Traditionally, ransomware crews have directly targeted IT systems using methods such as email attachments, phishing, and web scripts. Researchers such as Forescout are predicting the next generation of ransomware will be targeted directly through the Internet of Things (IoT) devices. Taking advantage of lax security, and directly attacking IT devices and operational technology (OT).
Researchers are developing protocols to test this for of ransomware, calling the new approach “Ransomware for IoT,” or R4IoT. The protocol relies on exploiting known vulnerabilities and configuration errors in IoT devices like routers and IP cameras to gain initial access to a network, after which an attacker could spread laterally to traditional IT devices and then an organization’s OT devices. At this time it “works at large-scale on a wide variety of devices impacted by TCP/IP stack vulnerabilities” and is not limited by operating systems or device type.
Be careful what you plug in
It’s the IP cameras, routers, and printers, PLCs (programmable logic controllers), and whatever else you have in terms of IoT and OT. Imagine tying them all together and you have a larger attack surface, that is very hard to patch, and very hard to manage for any security team.
The R4IoT test example study involved an IP camera that was incorrectly exposed to external connections. By exploiting a series of critical vulnerabilities to hijack the camera’s root directory, the security team were able to effectively turn it into a proxy server running a Remote Desktop Protocol cracker. That allowed them to steal credentials and gain access to a connected Windows machine.

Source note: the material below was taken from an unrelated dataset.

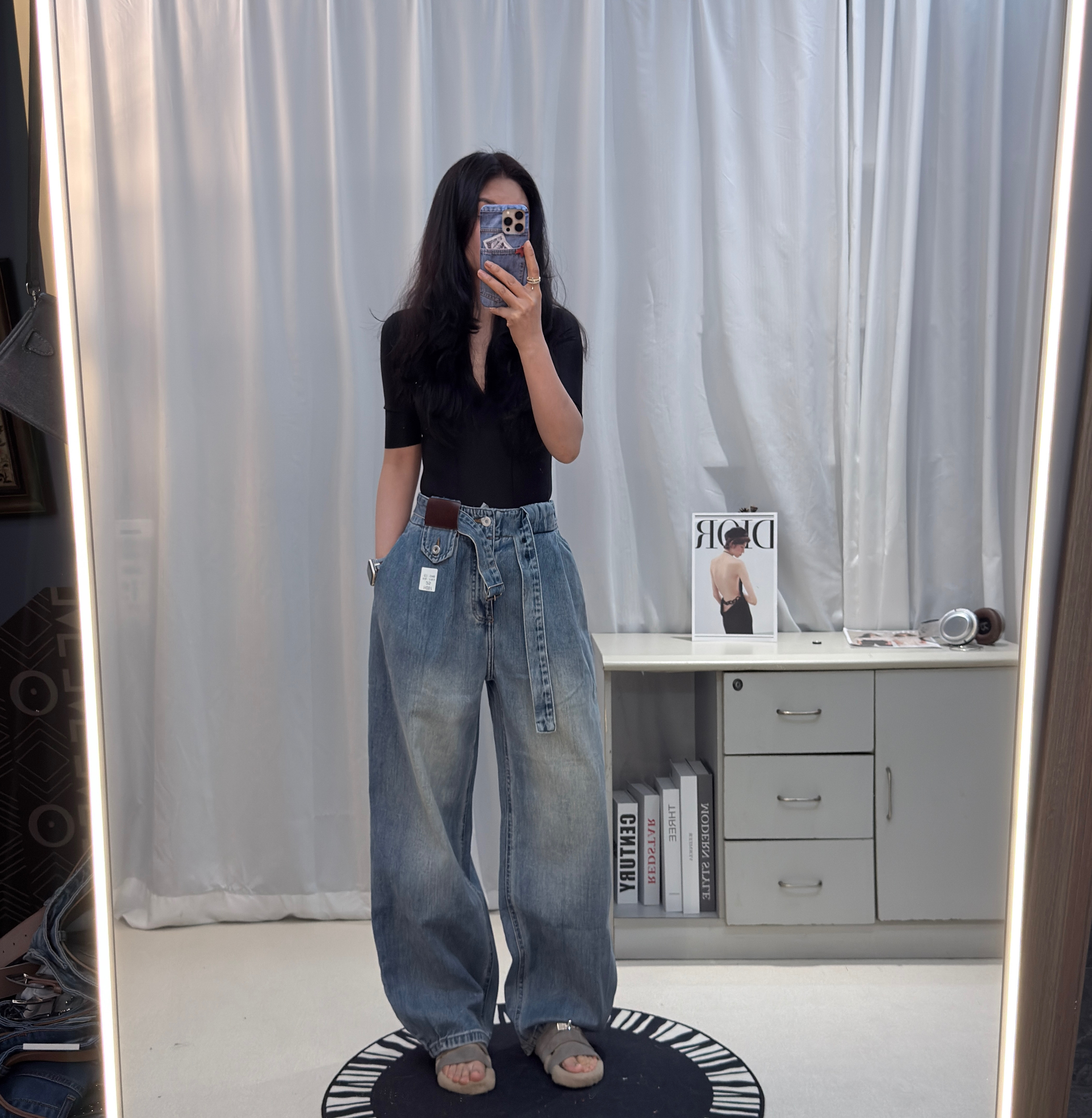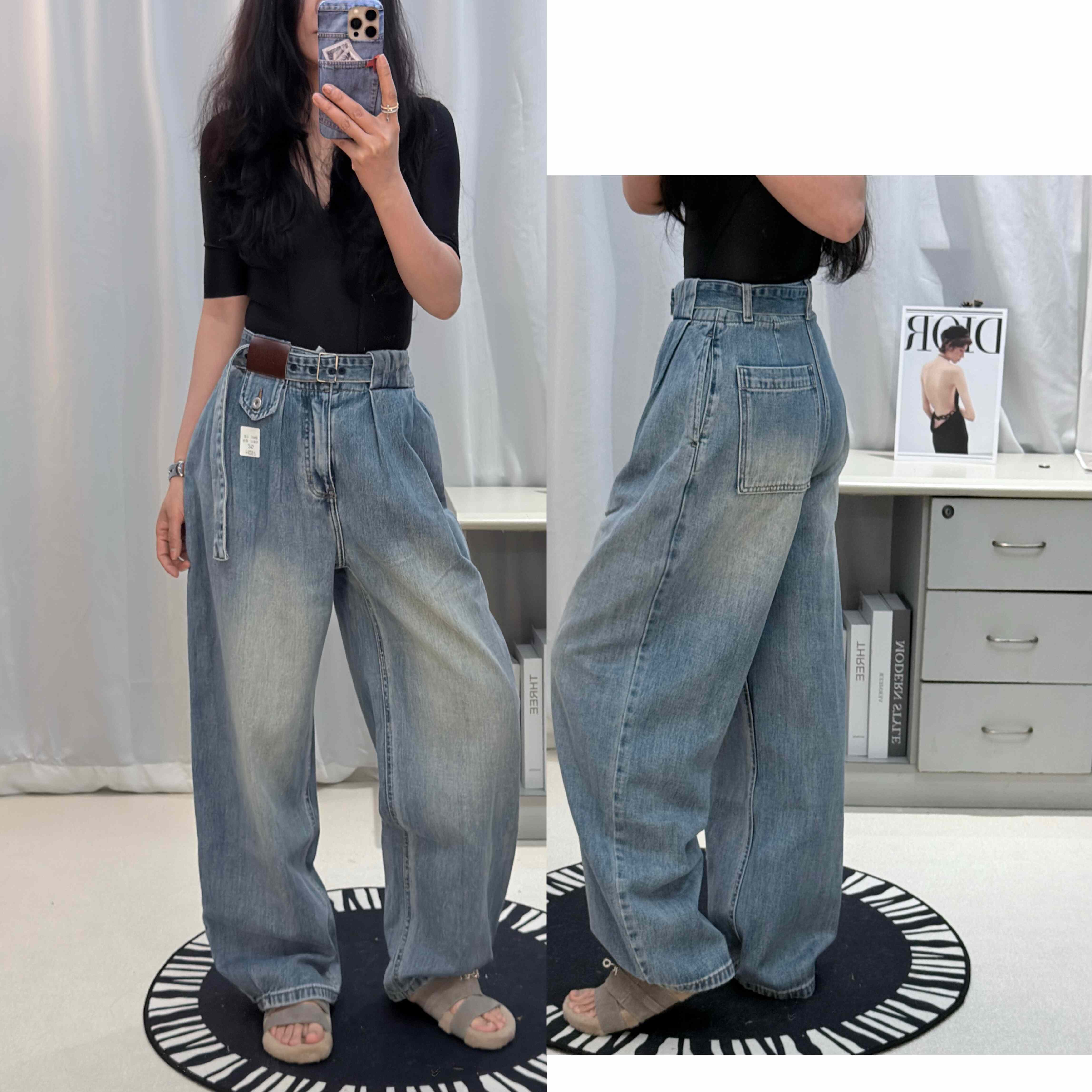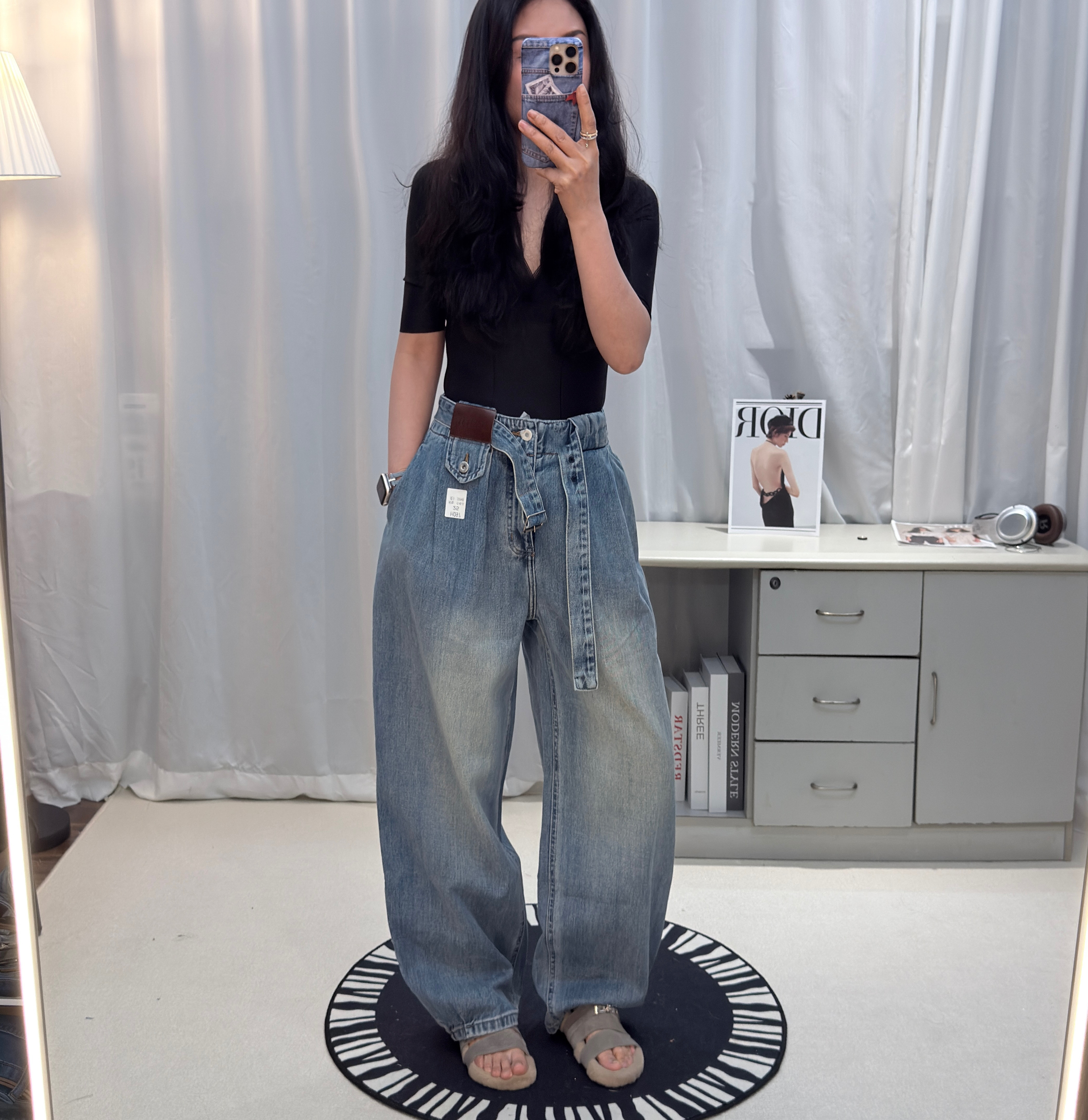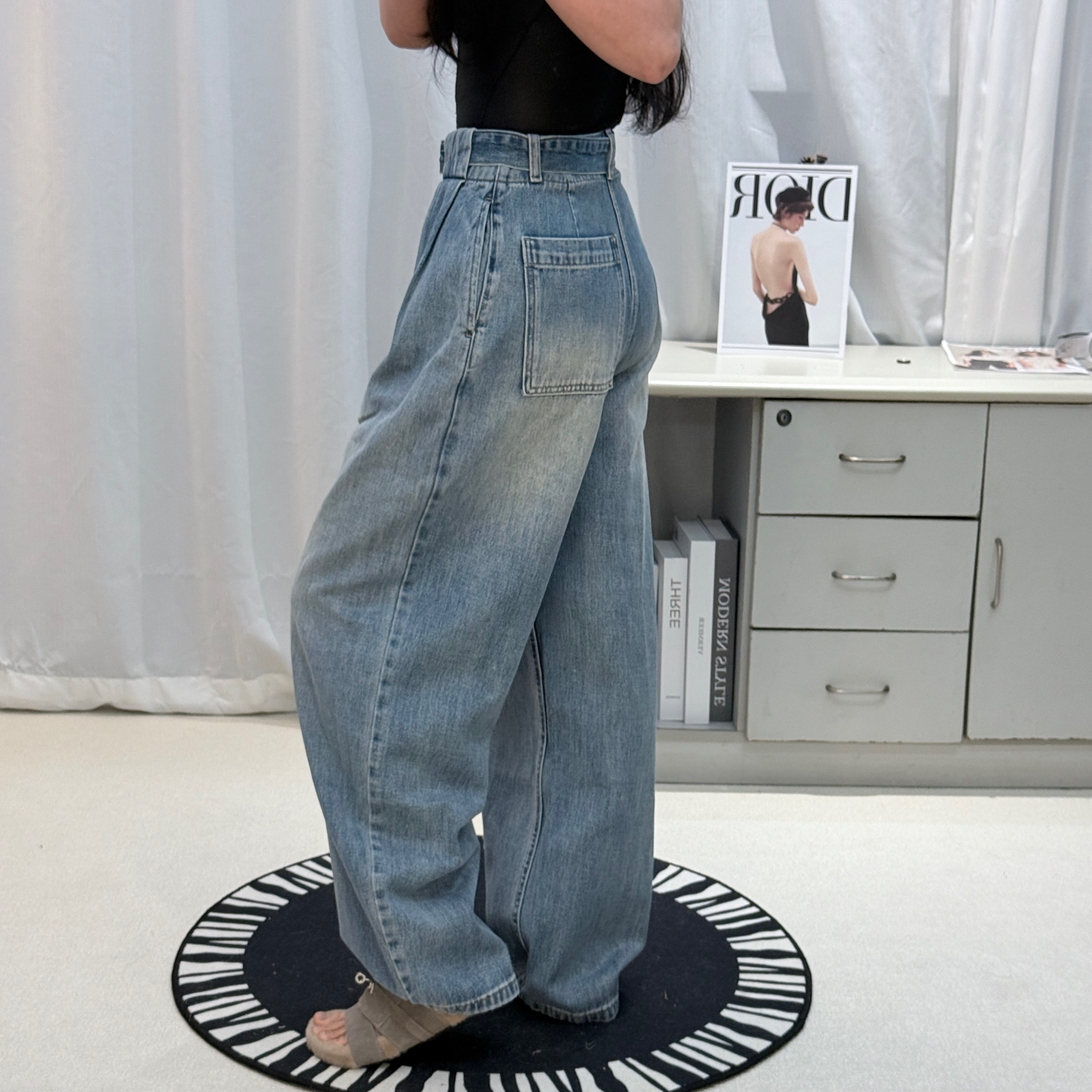 JEANS H097 春季2026新款高腰无弹个性宽松阔腿弯刀蓝牛仔裤女B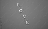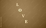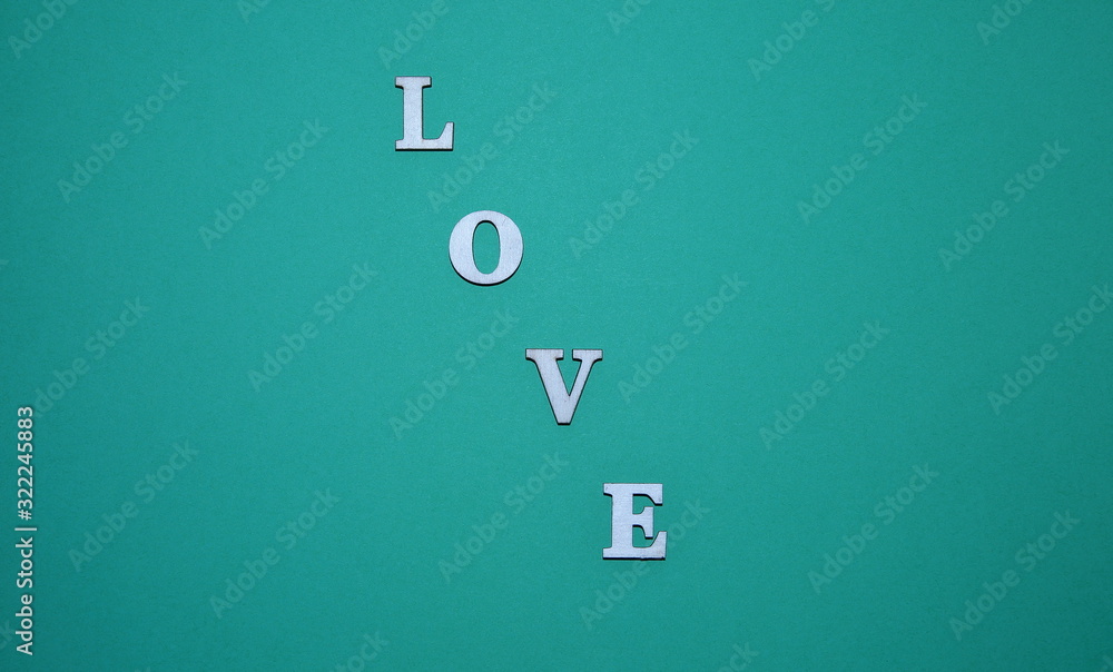 Inscription LOVE made of wooden natural letters in the middle of aquamarine color background, vignette in corners

Not only did this allow lateral deployment of a rogue’s gallery of malware like encryptors and crypto miners, but the execution of a custom network scanner, Memoria, that identifies “critical IoT/OT assets in the network that may contain critical vulnerabilities.” Memoria launches denial-of-service attacks against those devices, shutting down PLCs that control physical processes.
A blueprint for next-gen ransomware attacks
Although commercial ransomware crews are known to have discussed using IoT devices as an initial access vector, R4IoT’s methodology is unique.
Usually the farthest attackers can get is the typical Windows computer that manages those devices, which we usually call an engineering workstation, or a data historian, or something like that, which is a SCADA (supervisory control and data acquisition) system, which is kind of the interface between the OT and the rest of the organization. What the protocol tested does different is that when one of those devices is reached, the network is scanned for the level one (process control equipment) and take those offline.
Ransomware attacks on IoT devices like the R4IoT attack approach could possibly be commoditized on the black market in the future. They are potentially much more disruptive to a company’s infrastructure than traditional phishing attacks. Organizations should have precautions to include IoT and OT devices in their patching, segmentation, and network monitoring strategies, or future attackers could have even more leverage to push ransom demands.
You have to rethink the whole security strategy, putting IoT and OT at the same level as IT.